**RECORDS FOR THIS EXERCISE:**
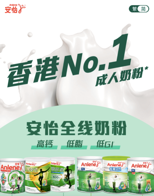 *NO.1指的是安怡低脂奶粉全港销量冠军,销售额及销售数据根据NielsenIQ2008年03月至2024年02月全港成人奶粉(低脂奶粉类别)零售调查报告(包括任何人士经超市及药购买总数量);安怡奶粉在印度尼西亚、马来西亚、泰国的成人奶粉类别销量冠军,销售额及销售数据根据NielsenIQ2023年07月至2024年06月零售调查报告
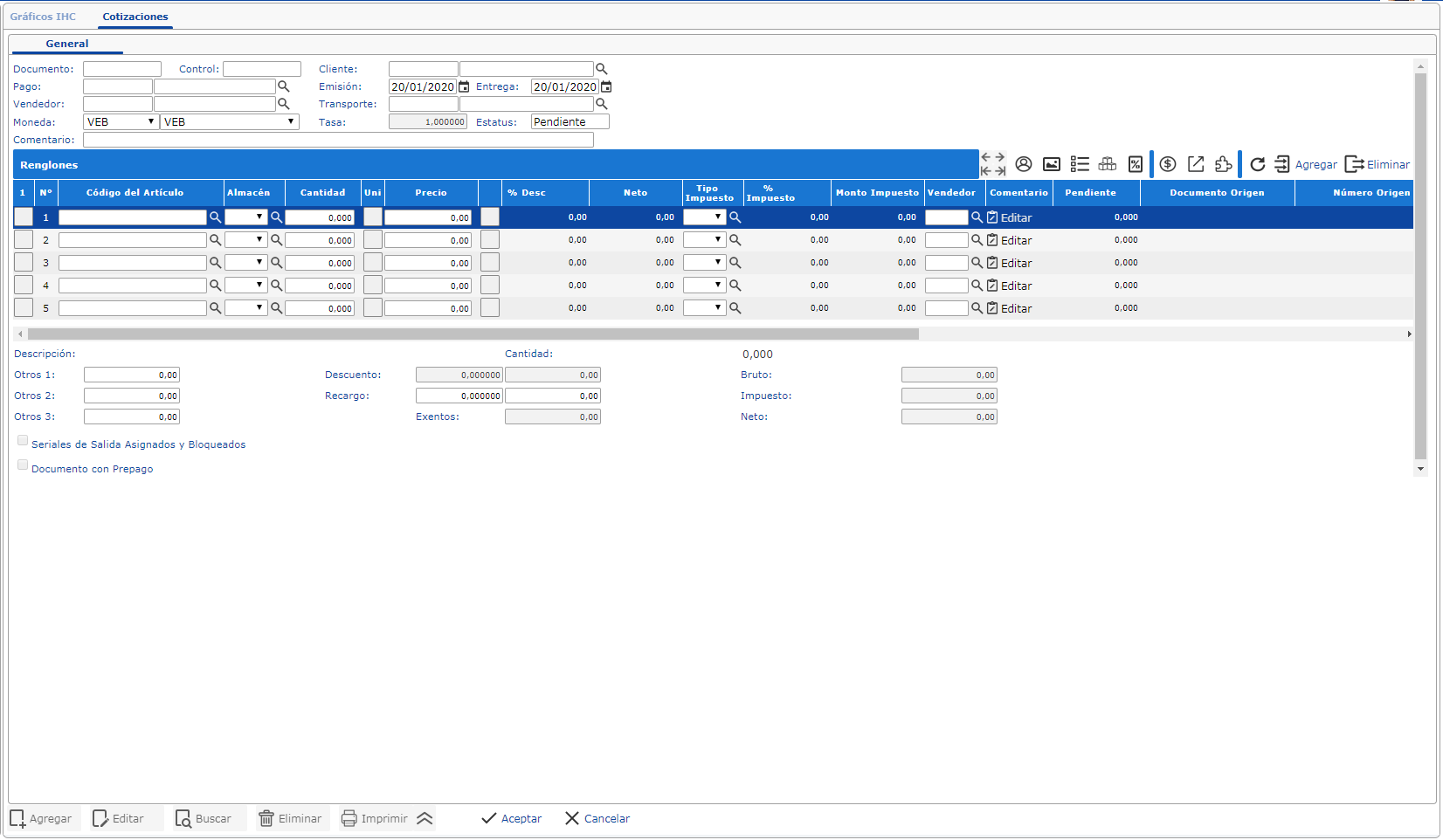 Allí te aparecerá una Pantalla en donde debes dar clic en el botón Agregar para crear la cotización.
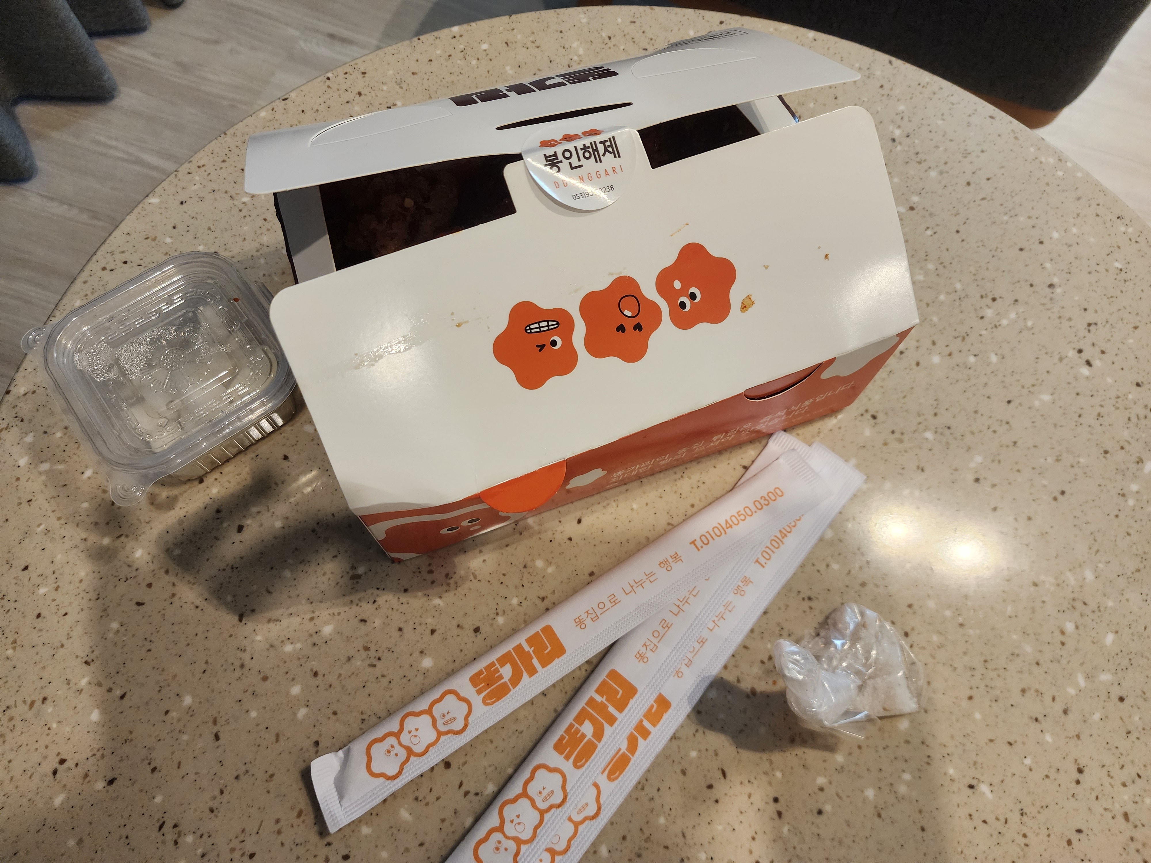치킨무와 젓가락을 주시고 포장에 귀여운 스티커 붙여 있습니다.
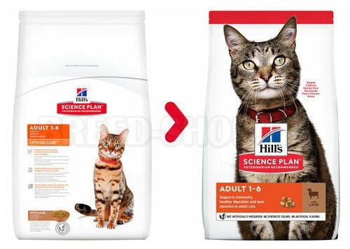 Hill's Science plane Optimal Care для взрослых кошек для поддержания жизненной энергии и иммунитета, с ягненком 3 кг
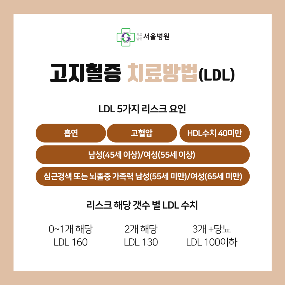 고지혈증 치료(LDL) LDL은 다섯 가지 위험 요인을 확인할 수 있습니다.첫째, 흡연 여부 둘째, 고혈압 여부 셋째, HDL(좋은 콜레스테롤) 수치가 40 미만 넷째, 45세 이상 남성/55세 이상 여성 다섯째, 심근경색 또는 뇌졸중 가족력이 있는 55세 미만 남성 또는 65세 미만 여성
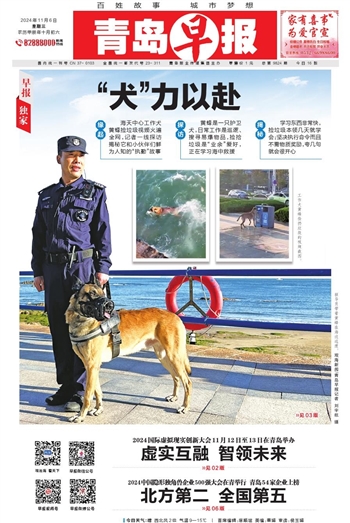 黄蜂是一只护卫犬,日常工作是巡逻、搜寻易爆物品,捡拾垃圾是“业余”爱好,正在学习海中救援
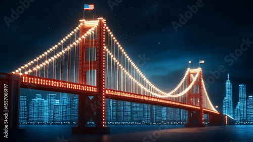Naklejka premium Illuminated Bridge at Night in Pixel Art Style
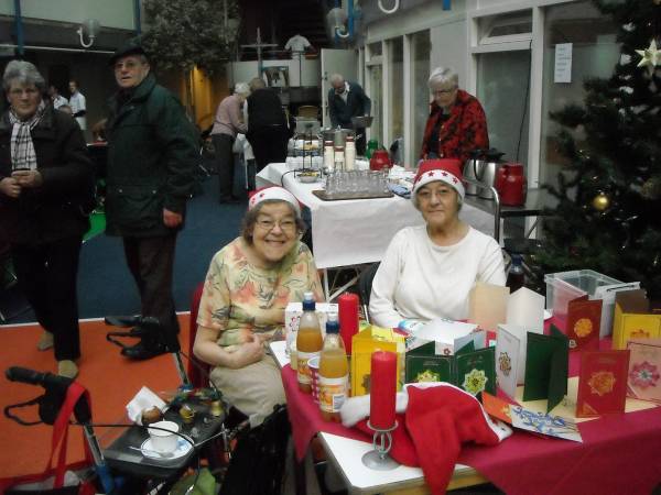 In het atrium van Antoniushof kon men zich opwarmen bij de oliebollen. De keuze aan kerststukken kaarten en decoraties, was subliem. En er konden zelfs kerstballen worden geruild.

**ASSIGNED TASK:**
Reproduce the records above from their first line to the line bearing "Allí te aparecerá", both ends included, leaving every picture out.

**WRITTEN ANSWER:**
 *NO.1指的是安怡低脂奶粉全港销量冠军,销售额及销售数据根据NielsenIQ2008年03月至2024年02月全港成人奶粉(低脂奶粉类别)零售调查报告(包括任何人士经超市及药购买总数量);安怡奶粉在印度尼西亚、马来西亚、泰国的成人奶粉类别销量冠军,销售额及销售数据根据NielsenIQ2023年07月至2024年06月零售调查报告
 Allí te aparecerá una Pantalla en donde debes dar clic en el botón Agregar para crear la cotización.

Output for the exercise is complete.